She was appointed a member of the Royal Commission on the Poor Laws in 1905, where she defended the role of private charities over public welfare programs. She was a major influence on the Majority Report (Poor Law), published in 1909, which arose out of the commission. She worked alongside social reformer, Beatrice Webb, and the two were often in disagreement. Webb wanted to abolish the Poor Laws and have state-run social services, while Bosanquet wanted to keep some aspects of the Poor Laws.

=== Poverty ===
According to Bosanquet, the "problem of poverty," or the visible existence of deprivation, and was a phenomenon many, like Bosanquet, sought to explain. The COS had viewed poverty as a problem of the poor, leading to their work, and her work within the COS, to find solutions and approaches to charitable giving. She stressed the potential for development of case work and remained optimistic of its potential, as well as the potential of working-class families. She also emphasizes the important of understanding poverty in terms of an individual's capacity to deal with it. She used the COS to relay that one way to do this is to work with the individual and their family to focus on rising above this economic circumstance and establish long-term solutions. In Bosanquet's work, "The Poverty Line," she investigates the origination of the poverty line and the meaning it holds in our society. The poverty line is defined as a sharp division between those of our people who are poor and those who are not poor. She strives to demolish the concept of the poverty line, using the importance of evidence, revision and criticism.

=== Class ===
Bosanquet argued that working-class individuals should be assisted to rise above their economic misfortune. She also emphasized the importance of different classes becoming accustomed with one another (the rich and poor).

== Notable works ==

=== "A Study in Women's Wages" ===
In 1902 Bosanquet had a much publicized exchange of views with Seebohm Rowntree, in which she questioned his findings about the extent and the causes of poverty in York. One of these works included the article "A Study in Women’s Wages" which was published as part of The Economic Journal. This article lobbied for an increase in the training of women for skilled jobs. As a result, women would gain better working conditions and wages.
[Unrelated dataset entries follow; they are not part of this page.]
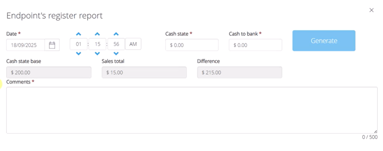 After inserting the amounts and comments, if the difference value is not '0' and you are sure that all values are correct, you can generate the report and close the shift.
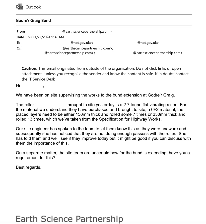 ESP email NPTCBC ' the team are unsure how far the bund is extending'
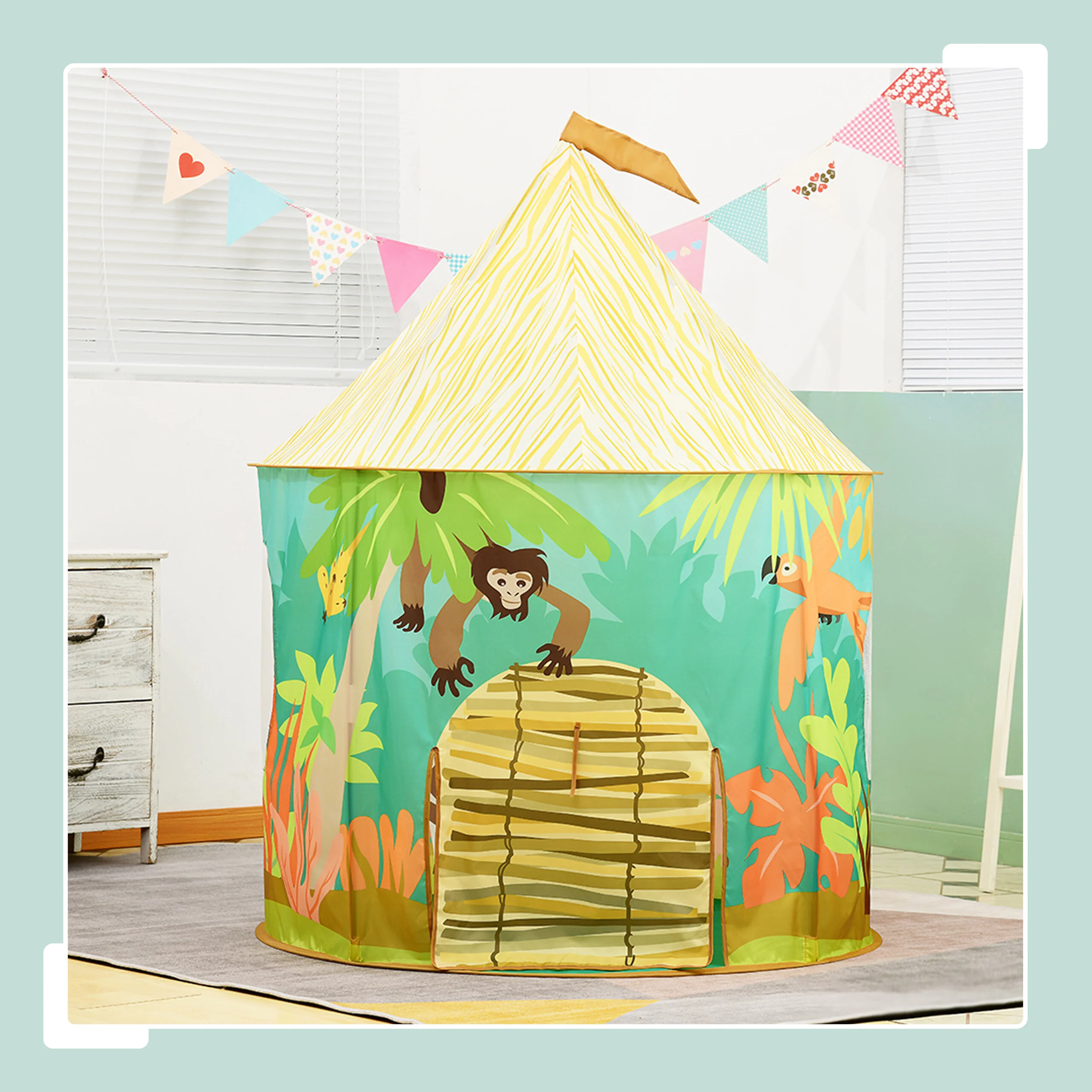 Verwandle das Kinderzimmer in eine fantasievolle Dschungelhütte mit diesem farbenfrohen Spielzelt. Das Zelt bietet kleinen Abenteurern einen perfekten Rückzugsort zum Spielen, Träumen und Geschichten erzählen. Mit einem Eingang mit einrollbarer Tür und der markanten Fahne entsteht ein authentisches Spielerlebnis. Das kompakte Kinderzelt ist leicht aufzubauen, drinnen wie draußen einsetzbar und ideal zum kreativen Spielen.Hinweis: Nicht geeignet für Kinder unter 36 Monaten. Der Aufbau ist durch einen Erwachsenen vorzunehmen. Nur für den Hausgebrauch. Von Feuer fernhalten. Benutzung nur unter Aufsicht von Erwachsenen.
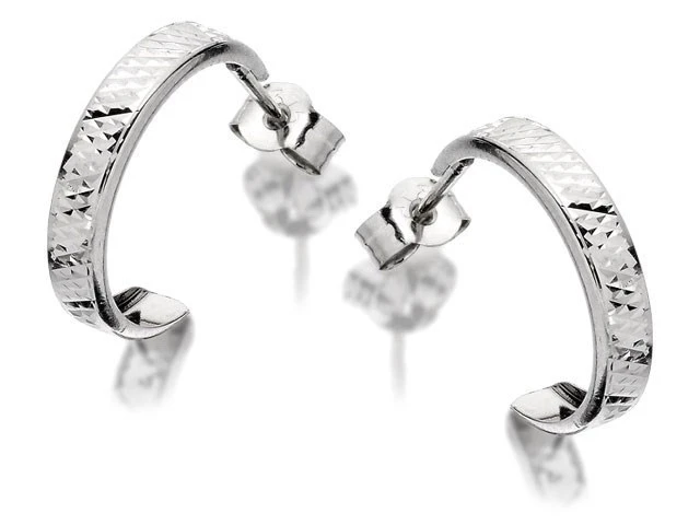 9ct White Gold Half Hoop Earrings - 14mm - G2546
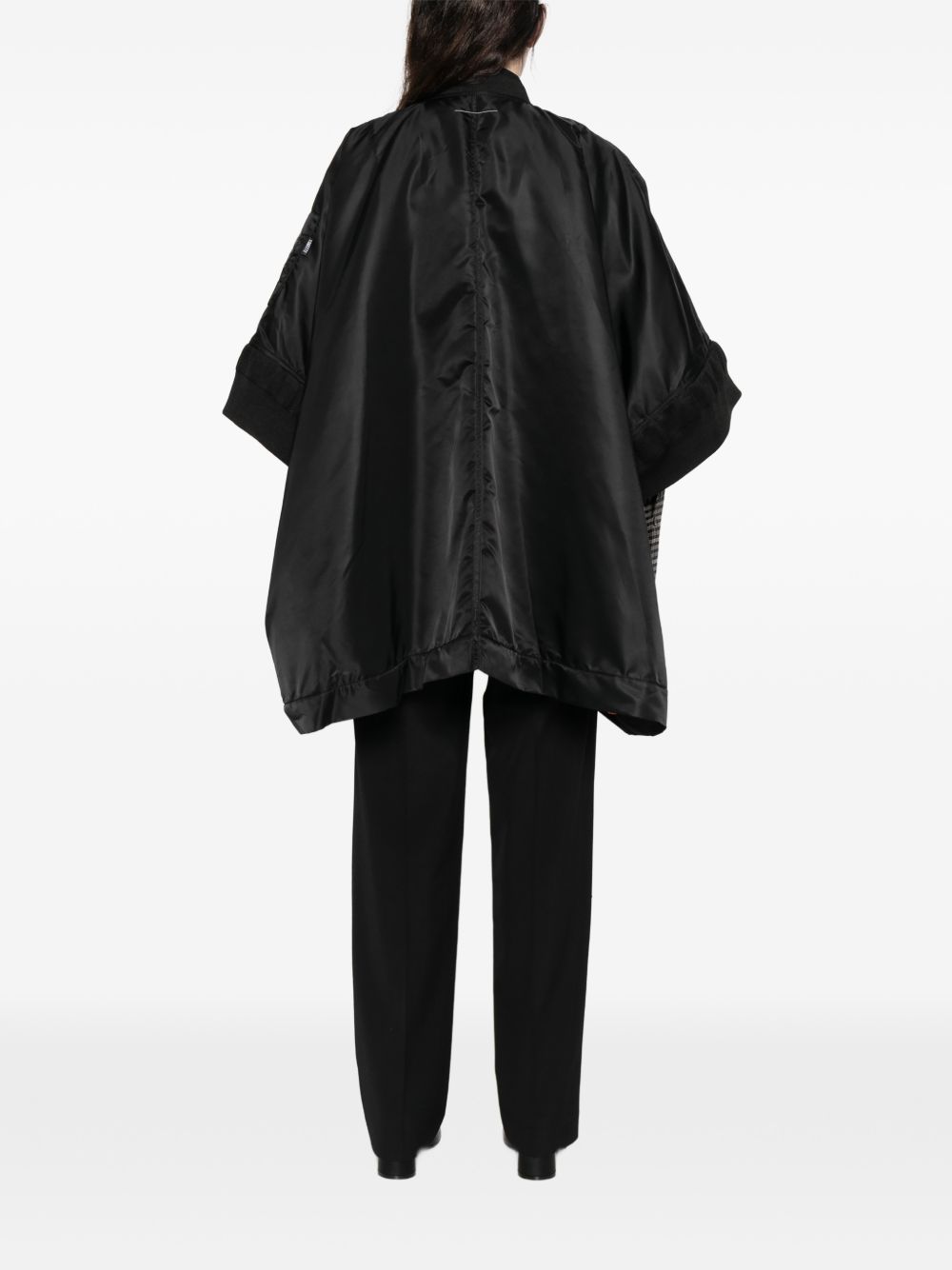 Elevate your outerwear collection with this striking Nylon Cape from MM6 Maison Margiela. This contemporary piece features a sleek black design with modern zip detailing and practical side pockets for effortless functionality. The short sleeves with ribbed cuffs add a sporty edge, while the relaxed fit ensures comfortable, all-day wear.

=== "The Lines of Industrial Profit" ===
In her article "The Lines of Industrial Profit", Bosanquet offered the idea that businessmen of the same trade must agree on fixed prices to reap larger profits and provide their workers with better wages.

=== "The Divorce Laws of England and Wales" ===
In her piece, "The Divorce Laws of England and Wales", she offers the idea that young people should not be forced to take a permanent vow as the longevity of a marriage depends on several conditions.

=== "The Strength of the People: A Study in Social Economics" ===
In this work, Bosanquet analyzes the principle of progress in the human mind. She takes an economic and philanthropic approach on the basis of what distribution produces the greatest happiness and serves the needs of individuals.

== Legacy ==

=== Social work ===
Bosanquet also played a key role in the development of social work in Britain. She suggested that social workers needed formal education as well as professional skills. She influenced the syllabus of the COS School of Sociology (founded 1903), which in 1912 became the Social Science Department of the London School of Economics. Bosanquet influenced what was taught that covered both practical skills and general education.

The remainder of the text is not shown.